Using the `$` operator, we can examine the content of a single field of our lines feature. 

```{r}
head(lines_Delft$highway, 10)
```

To see only unique values of a categorical variable stored as a factor, we can use the `levels()` function. Remember, factors were introduced in the morning.

```{r}
levels(factor(lines_Delft$highway))
```

## Subset features

We can use the `filter()` function to select a subset of features from a spatial object, just like with data frames. Let's select only cycleways from our street data. 

```{r}
cycleway_Delft <- lines_Delft %>% 
  filter(highway == "cycleway")
```

Our subsetting operation reduces the number of features from `r nrow(lines_Delft)` to `r nrow(cycleway_Delft)`.

```{r}
nrow(lines_Delft)
nrow(cycleway_Delft)
```

We can also calculate the total length of cycleways.

```{r}
cycleway_Delft <- cycleway_Delft %>% 
  mutate(length = st_length(.))

cycleway_Delft %>%
  summarise(total_length = sum(length))
```

Now we can plot only the cycleways.

```{r}
ggplot(data = cycleway_Delft) +
  geom_sf() +
  labs(title = "Slow mobility network in Delft", subtitle = "Cycleways") +
  coord_sf(datum = st_crs(28992))
```

### Challenge 3 (7 minutes)

1. Create a new object that only contains the motorways in Delft. 
2. How many features does the new object have?
3. What is the total length of motorways?
4. Plot the motorways.
5. Extra: follow the same steps with pedestrian streets. 

Let's first see which value of in the `highway` column holds motorways. There is a value called `motorway`.

```{r}
levels(factor(lines_Delft$highway))
```
We extract only the features with the value `motorway`.

```{r}
motorway_Delft <- lines_Delft %>% 
  filter(highway == "motorway")

motorway_Delft
```

There are `r nrow(motorway_Delft)` features with the value `motorway`.

```{r}
motorway_Delft_length <- motorway_Delft %>% 
  mutate(length = st_length(.)) %>% 
  select(everything(), geometry) %>%
  summarise(total_length = sum(length))
```
The total length of motorways is `r motorway_Delft_length$total_length`.

```{r}
nrow(motorway_Delft)
```

```{r}
ggplot(data = motorway_Delft) + 
  geom_sf(size = 1.5) +
  labs(title = "Fast mobility network", subtitle = "Motorways") + 
  coord_sf(datum = st_crs(28992))
```

```{r}
pedestrian_Delft <- lines_Delft %>% 
  filter(highway == "pedestrian")

pedestrian_Delft %>% 
  mutate(length = st_length(.)) %>% 
  select(everything(), geometry) %>%
  summarise(total_length = sum(length))

nrow(pedestrian_Delft)
```

```{r}
ggplot() +
  geom_sf(data = pedestrian_Delft) +
  labs(title = "Slow mobility network", subtitle = "Pedestrian") + 
  coord_sf(datum = st_crs(28992))
```

<!-- End of challenge -->

## Customize plots

Let's say that we want to color different road types with different colors and that we want to determine those colors.

```{r}
levels(factor(lines_Delft$highway))
```

If we look at all the unique values of the highway field of our street network we see more than 20 values.
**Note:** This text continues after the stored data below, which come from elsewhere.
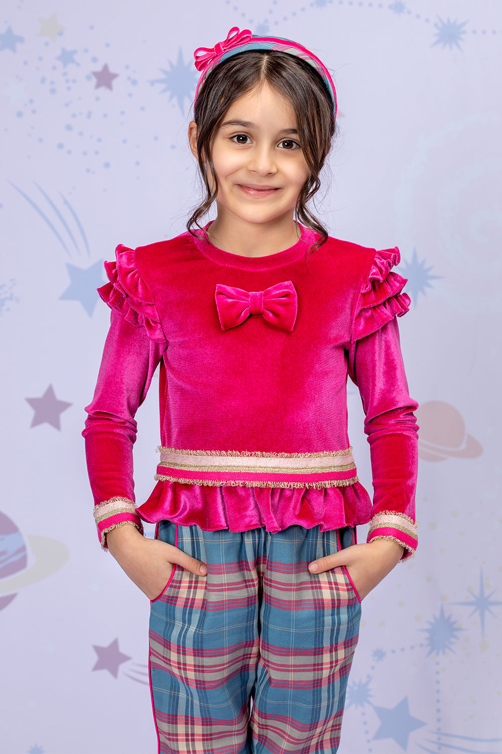 Chic and comfortable, this two-piece set is perfect for stylish little trendsetters. The rich velvet fuchsia top adds a touch of elegance and softness, while the classic plaid trousers bring a timeless, tailored look. Ideal for special outings or polished everyday wear, this set blends cozy textures with standout style — effortlessly fashionable and ready for any occasion.
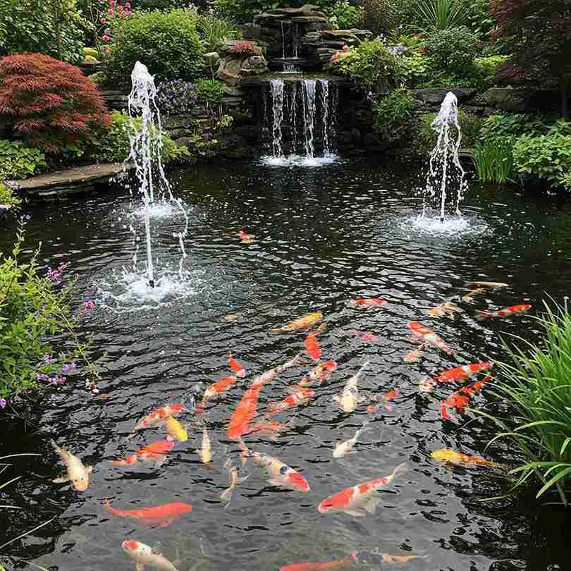 The verticality of the fountains adds a lot of “white noise” and movement, which is great for blocking out neighborhood sounds. Using dark rocks for the waterfall helps the white foam of the water and the bright colors of the fish pop.
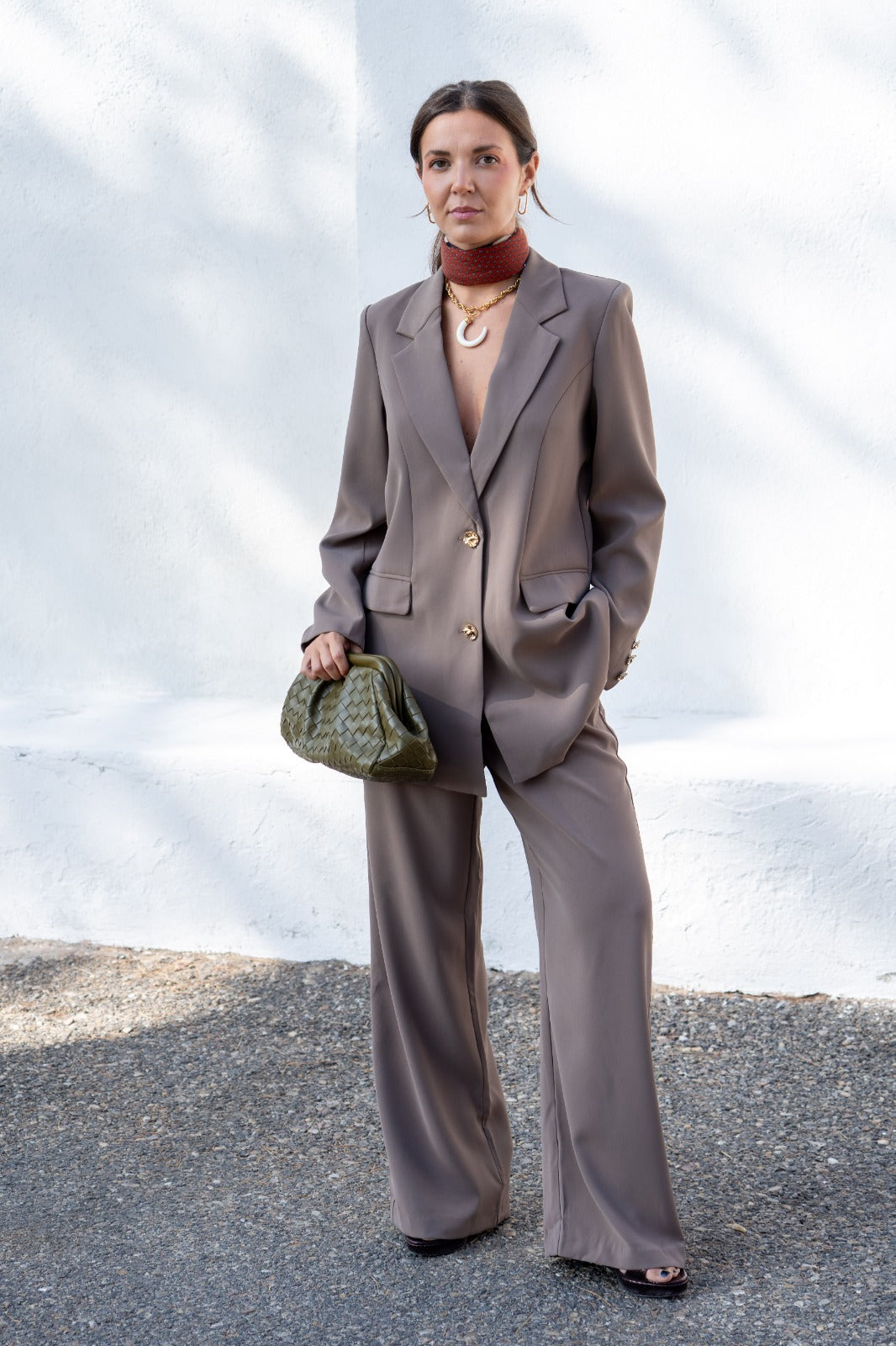 Conjunto compuesto por chaqueta, cuello solapa, bolsillos delanteros y pantalon ancho, bolsillos laterales. Tejido fluido en color verde.
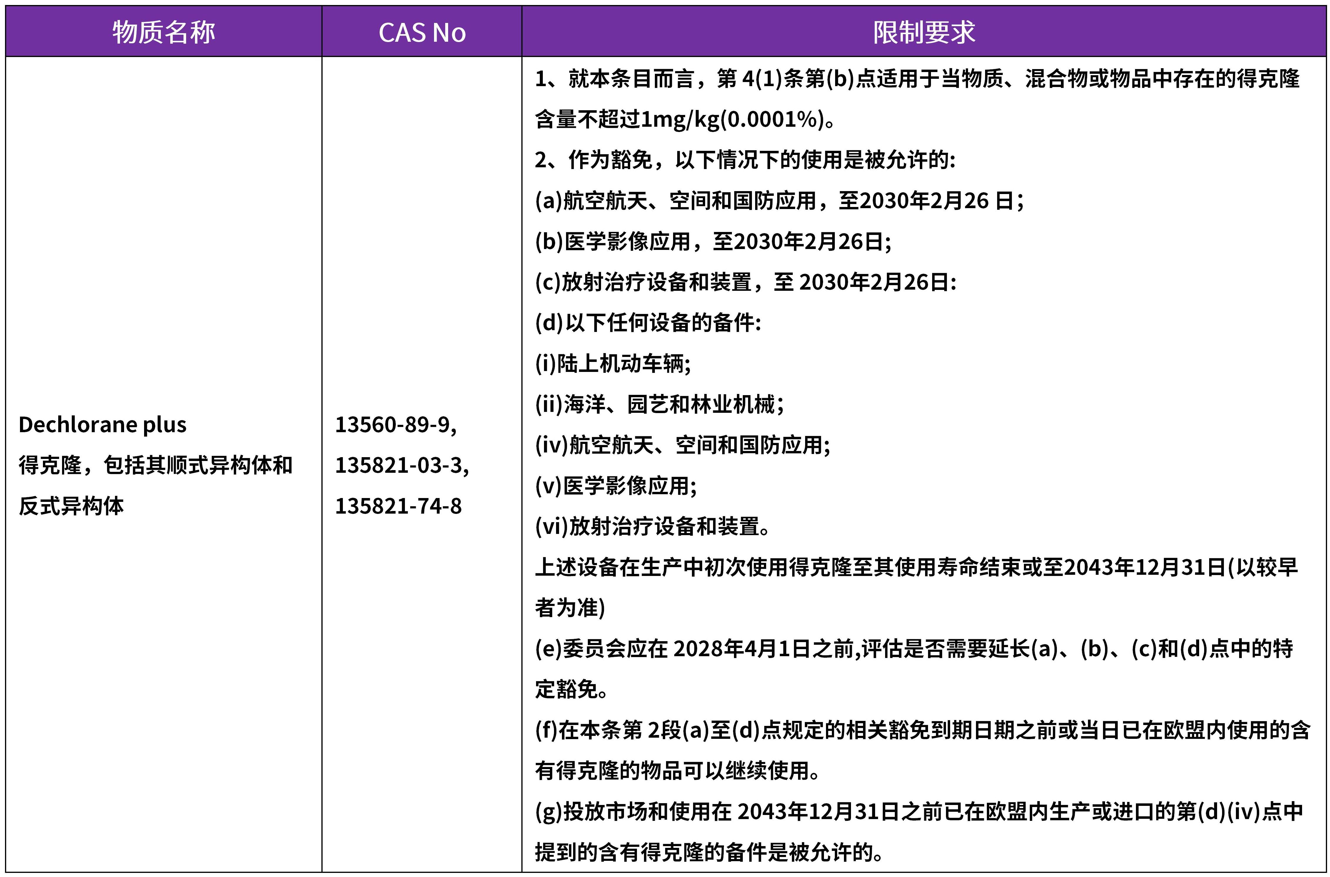 2024年6月26日,歐盟發(fā)布POPs法規(guī)修訂草案,擬議新增得克隆于POPs法規(guī)附件I的A部分中。該草案征求意見期為2024年6月26日至2024年7月24日,利益相關方可在此期間反饋意見。

Let's focus on a subset of four values to illustrate the use of distinct colors. We use a piped expression in which we only filter the rows of our data frame that have one of the four given values `"motorway"`, `"primary"`, `"secondary"`, and `"cycleway"`. We also make sure that the highway column is a factor column.

```{r}
road_types <- c("motorway", "primary", "secondary", "cycleway")

lines_Delft_selection <- lines_Delft %>% 
  filter(highway %in% road_types) %>% 
  mutate(highway = factor(highway, levels = road_types))
```

Next we define the four colors we want to use, one for each type of road in our vector object. Note that in R you can use named colors like `"blue"`, `"green"`, `"navy"`, and `"purple"`. A full list of named colors can be listed with the `colors()` function.

```{r}
road_colors <- c("blue", "green", "navy", "purple")
```

We can use the defined color palette in ggplot.

```{r}
ggplot(data = lines_Delft_selection) +
  geom_sf(aes(color = highway)) + 
  scale_color_manual(values = road_colors) +
  labs(color = 'Road Type',
       title = "Road network of Delft", 
       subtitle = "Roads & Cycleways") + 
  coord_sf(datum = st_crs(28992))
```

## Adjust line width

Earlier we adjusted the line width universally. We can also adjust line widths for every factor level. Note that in this case the `size` argument, like the `color` argument, are within the `aes()` mapping function. This means that the values of that visual property will be mapped from a variable of the object that is being plotted.

```{r}
line_widths <- c(1, 0.75, 0.5, 0.25)
```

```{r}
ggplot(data = lines_Delft_selection) +
  geom_sf(aes(color = highway, size = highway)) +
  scale_color_manual(values = road_colors) +
  labs(color = 'Road Type',
       size = 'Road Type',
       title = "Mobility network of Delft",
       subtitle = "Roads & Cycleways") +
  scale_size_manual(values = line_widths) +
  coord_sf(datum = st_crs(28992))
```

### Challenge 4

In the example above, we set the line widths to be 1, 0.75, 0.5, and 0.25. In our case line thicknesses are consistent with the hierarchy of the selected road types, but in some cases we might want to show a different hierarchy.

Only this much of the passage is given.